─── Records to use ───

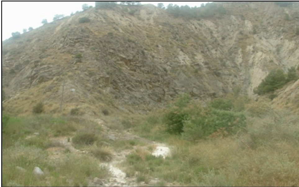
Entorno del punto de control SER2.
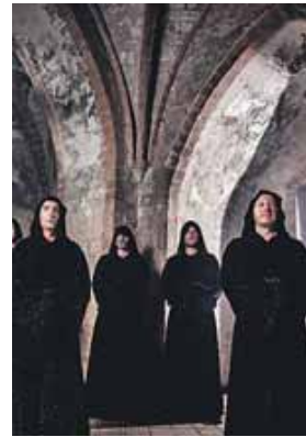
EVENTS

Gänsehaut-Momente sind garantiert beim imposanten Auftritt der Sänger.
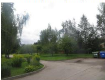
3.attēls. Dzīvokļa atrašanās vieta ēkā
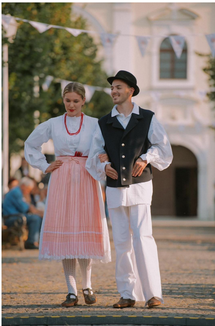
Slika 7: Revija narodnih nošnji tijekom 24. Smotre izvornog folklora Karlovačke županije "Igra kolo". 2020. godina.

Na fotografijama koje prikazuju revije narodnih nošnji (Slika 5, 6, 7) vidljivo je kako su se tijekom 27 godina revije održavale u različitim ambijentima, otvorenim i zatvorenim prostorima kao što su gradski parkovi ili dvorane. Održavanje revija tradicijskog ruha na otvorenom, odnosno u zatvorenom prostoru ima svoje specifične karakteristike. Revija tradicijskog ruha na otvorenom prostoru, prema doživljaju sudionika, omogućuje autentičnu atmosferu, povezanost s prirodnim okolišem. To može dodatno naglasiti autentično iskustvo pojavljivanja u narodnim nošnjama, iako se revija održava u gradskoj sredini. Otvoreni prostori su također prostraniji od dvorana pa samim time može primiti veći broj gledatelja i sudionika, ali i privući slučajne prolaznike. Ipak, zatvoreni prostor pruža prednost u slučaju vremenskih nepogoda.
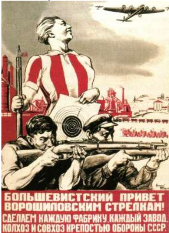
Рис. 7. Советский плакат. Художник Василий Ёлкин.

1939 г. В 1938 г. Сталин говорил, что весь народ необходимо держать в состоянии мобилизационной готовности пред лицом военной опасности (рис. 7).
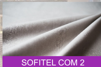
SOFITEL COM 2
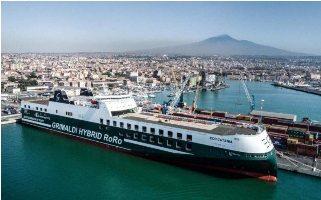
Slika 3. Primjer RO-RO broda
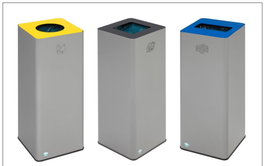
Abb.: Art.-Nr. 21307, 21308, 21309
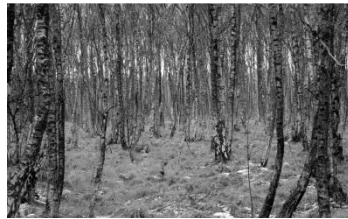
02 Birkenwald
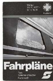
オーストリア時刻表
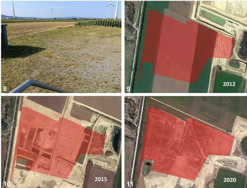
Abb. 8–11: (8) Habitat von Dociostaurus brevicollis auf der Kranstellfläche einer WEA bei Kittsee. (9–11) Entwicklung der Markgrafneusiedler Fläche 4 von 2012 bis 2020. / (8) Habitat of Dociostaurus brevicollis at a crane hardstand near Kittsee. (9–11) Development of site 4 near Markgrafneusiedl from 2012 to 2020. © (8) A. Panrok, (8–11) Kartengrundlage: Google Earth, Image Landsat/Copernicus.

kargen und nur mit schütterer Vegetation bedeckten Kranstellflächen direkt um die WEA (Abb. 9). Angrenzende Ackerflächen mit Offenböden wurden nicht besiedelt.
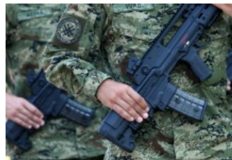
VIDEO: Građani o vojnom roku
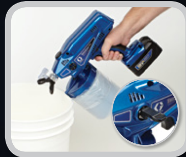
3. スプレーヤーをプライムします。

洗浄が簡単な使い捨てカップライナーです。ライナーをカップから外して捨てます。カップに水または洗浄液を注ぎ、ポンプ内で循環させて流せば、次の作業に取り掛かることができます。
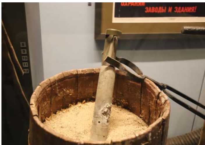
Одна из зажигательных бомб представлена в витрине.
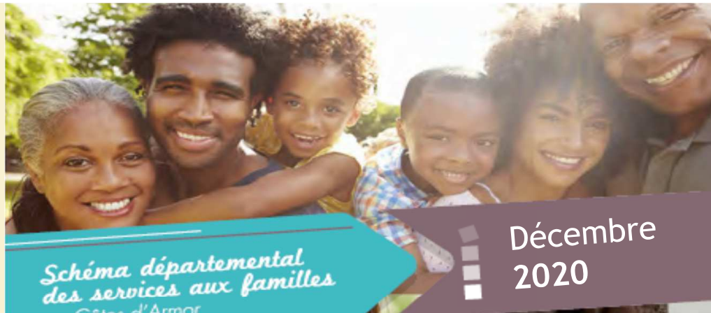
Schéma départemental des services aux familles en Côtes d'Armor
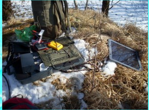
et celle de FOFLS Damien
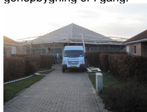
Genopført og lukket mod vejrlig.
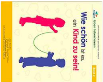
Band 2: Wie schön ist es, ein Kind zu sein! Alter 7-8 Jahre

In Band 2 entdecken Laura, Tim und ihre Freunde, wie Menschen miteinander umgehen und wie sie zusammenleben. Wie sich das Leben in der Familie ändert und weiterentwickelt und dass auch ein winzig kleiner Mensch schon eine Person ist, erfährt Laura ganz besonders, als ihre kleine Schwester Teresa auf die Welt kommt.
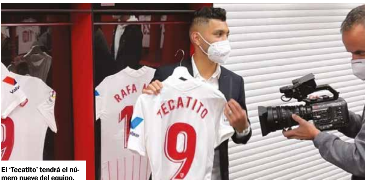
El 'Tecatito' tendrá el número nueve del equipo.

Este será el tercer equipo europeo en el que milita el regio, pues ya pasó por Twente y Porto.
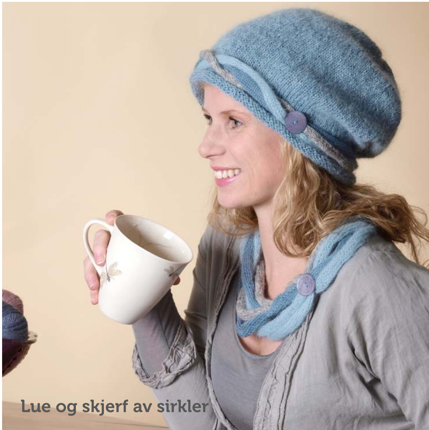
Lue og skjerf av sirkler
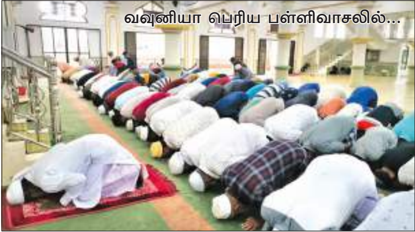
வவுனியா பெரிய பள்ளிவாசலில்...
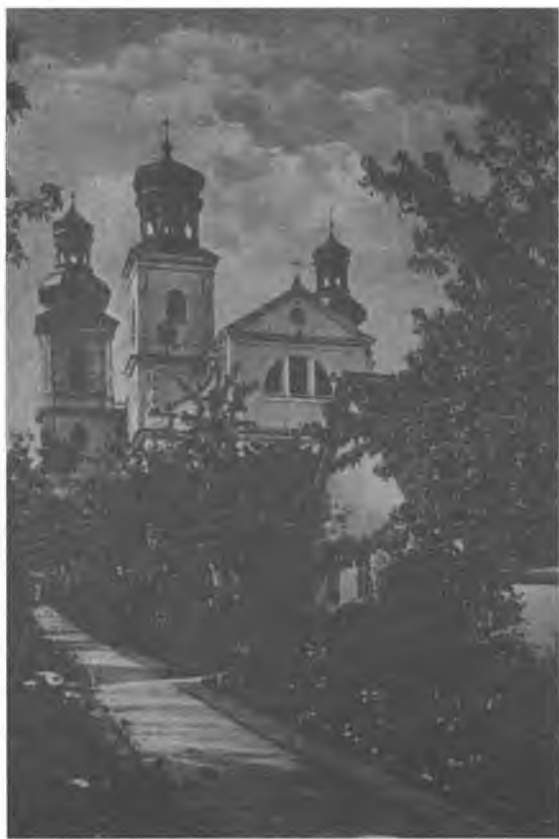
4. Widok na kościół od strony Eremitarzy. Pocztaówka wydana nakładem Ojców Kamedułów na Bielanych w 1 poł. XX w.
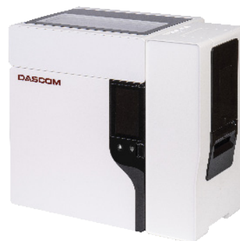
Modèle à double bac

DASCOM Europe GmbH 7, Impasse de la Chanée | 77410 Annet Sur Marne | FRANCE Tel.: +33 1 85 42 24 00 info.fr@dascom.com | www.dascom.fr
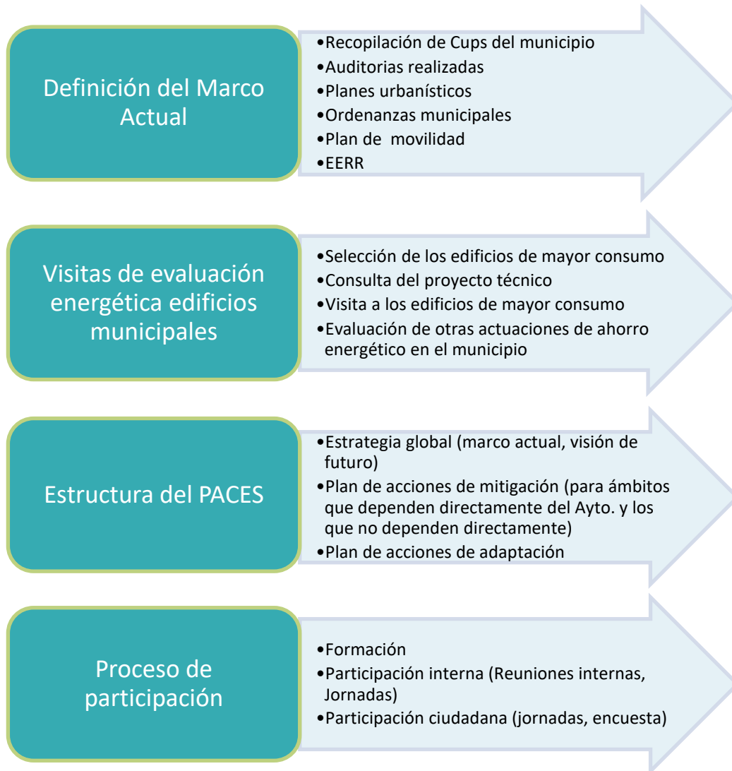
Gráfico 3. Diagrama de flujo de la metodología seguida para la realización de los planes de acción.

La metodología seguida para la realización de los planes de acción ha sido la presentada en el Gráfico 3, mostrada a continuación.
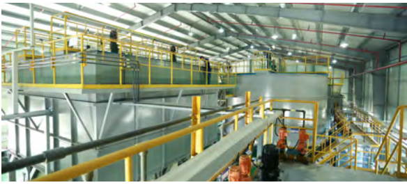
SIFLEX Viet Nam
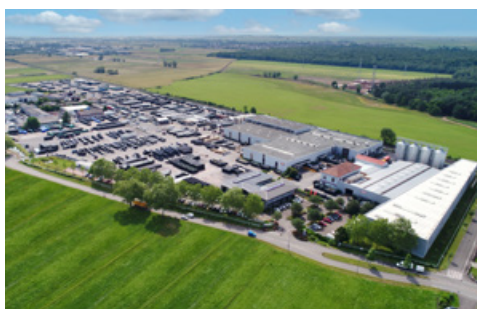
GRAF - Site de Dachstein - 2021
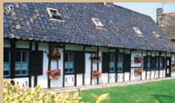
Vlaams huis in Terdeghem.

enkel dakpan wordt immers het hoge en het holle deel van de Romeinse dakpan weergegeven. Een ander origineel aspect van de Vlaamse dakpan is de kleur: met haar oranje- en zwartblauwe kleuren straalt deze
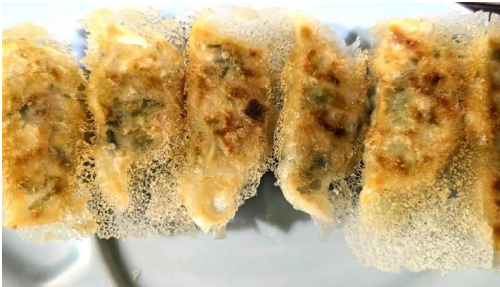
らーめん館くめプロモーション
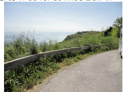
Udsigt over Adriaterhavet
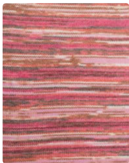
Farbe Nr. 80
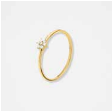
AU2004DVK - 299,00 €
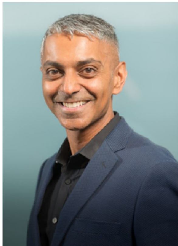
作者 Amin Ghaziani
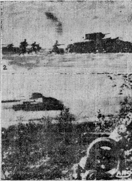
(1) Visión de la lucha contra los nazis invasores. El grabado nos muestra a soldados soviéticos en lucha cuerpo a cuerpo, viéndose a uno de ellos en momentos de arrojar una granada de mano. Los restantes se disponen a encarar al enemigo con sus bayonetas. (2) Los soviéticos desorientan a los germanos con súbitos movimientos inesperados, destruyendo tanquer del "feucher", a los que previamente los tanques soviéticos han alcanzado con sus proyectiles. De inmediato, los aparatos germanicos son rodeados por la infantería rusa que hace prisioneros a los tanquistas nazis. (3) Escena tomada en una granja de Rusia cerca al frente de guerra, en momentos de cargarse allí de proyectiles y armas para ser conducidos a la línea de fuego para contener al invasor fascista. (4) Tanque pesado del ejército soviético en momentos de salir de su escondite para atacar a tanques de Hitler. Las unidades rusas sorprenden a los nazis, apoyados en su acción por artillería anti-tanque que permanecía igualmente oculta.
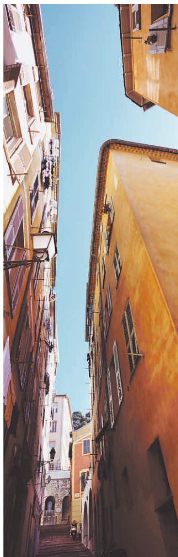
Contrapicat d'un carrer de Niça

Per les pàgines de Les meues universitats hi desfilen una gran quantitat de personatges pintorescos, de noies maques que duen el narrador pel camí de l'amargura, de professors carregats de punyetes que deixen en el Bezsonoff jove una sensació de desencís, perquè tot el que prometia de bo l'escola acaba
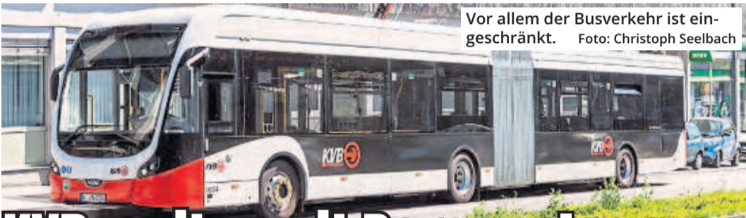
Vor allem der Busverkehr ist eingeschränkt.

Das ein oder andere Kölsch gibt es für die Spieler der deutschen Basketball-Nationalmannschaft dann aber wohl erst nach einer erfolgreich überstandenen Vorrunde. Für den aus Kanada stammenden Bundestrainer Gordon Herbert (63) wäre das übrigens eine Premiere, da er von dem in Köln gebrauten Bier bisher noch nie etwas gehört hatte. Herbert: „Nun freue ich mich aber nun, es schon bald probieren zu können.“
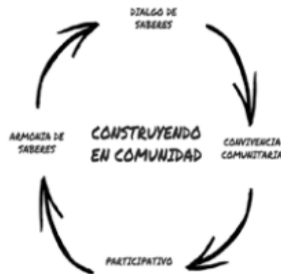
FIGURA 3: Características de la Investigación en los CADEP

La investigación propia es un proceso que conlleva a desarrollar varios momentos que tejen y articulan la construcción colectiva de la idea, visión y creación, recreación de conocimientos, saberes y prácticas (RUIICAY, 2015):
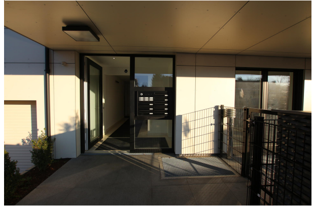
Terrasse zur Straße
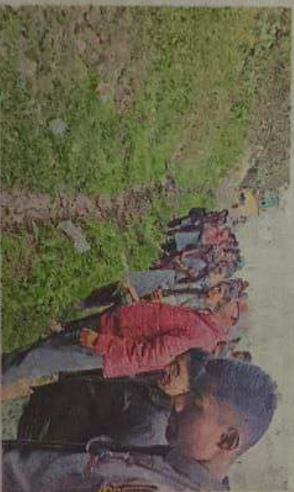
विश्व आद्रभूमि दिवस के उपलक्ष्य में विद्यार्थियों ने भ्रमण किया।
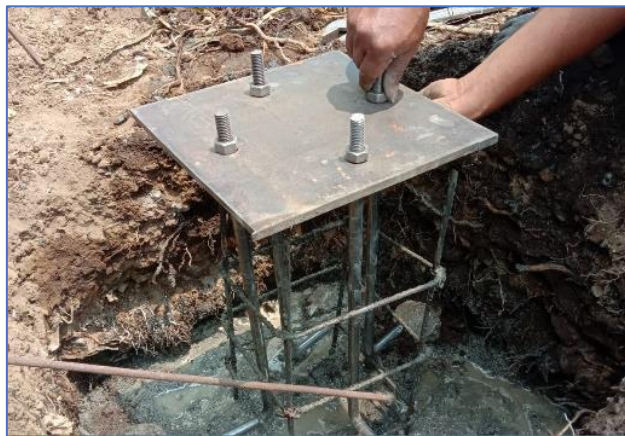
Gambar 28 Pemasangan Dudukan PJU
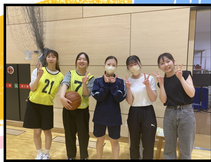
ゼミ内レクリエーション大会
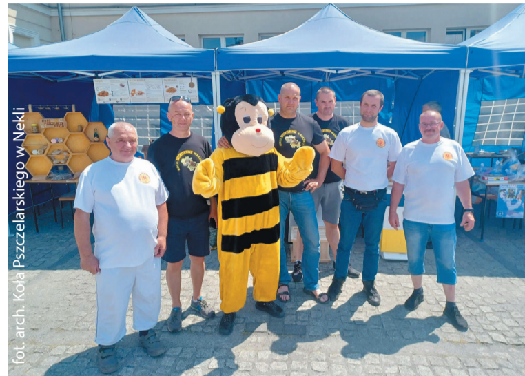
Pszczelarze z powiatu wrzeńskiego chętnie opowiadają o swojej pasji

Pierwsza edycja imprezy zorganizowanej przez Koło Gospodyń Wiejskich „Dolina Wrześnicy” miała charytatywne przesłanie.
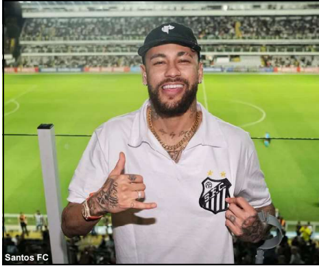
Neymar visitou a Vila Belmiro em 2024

───

* **Work item**: Print exactly the lines above that run from the one with "Schéma départemental des" to the one with "Band 2: Wie", both included. No pictures.

* **Your solution**:
Schéma départemental des services aux familles en Côtes d'Armor
et celle de FOFLS Damien
Genopført og lukket mod vejrlig.
Band 2: Wie schön ist es, ein Kind zu sein! Alter 7-8 Jahre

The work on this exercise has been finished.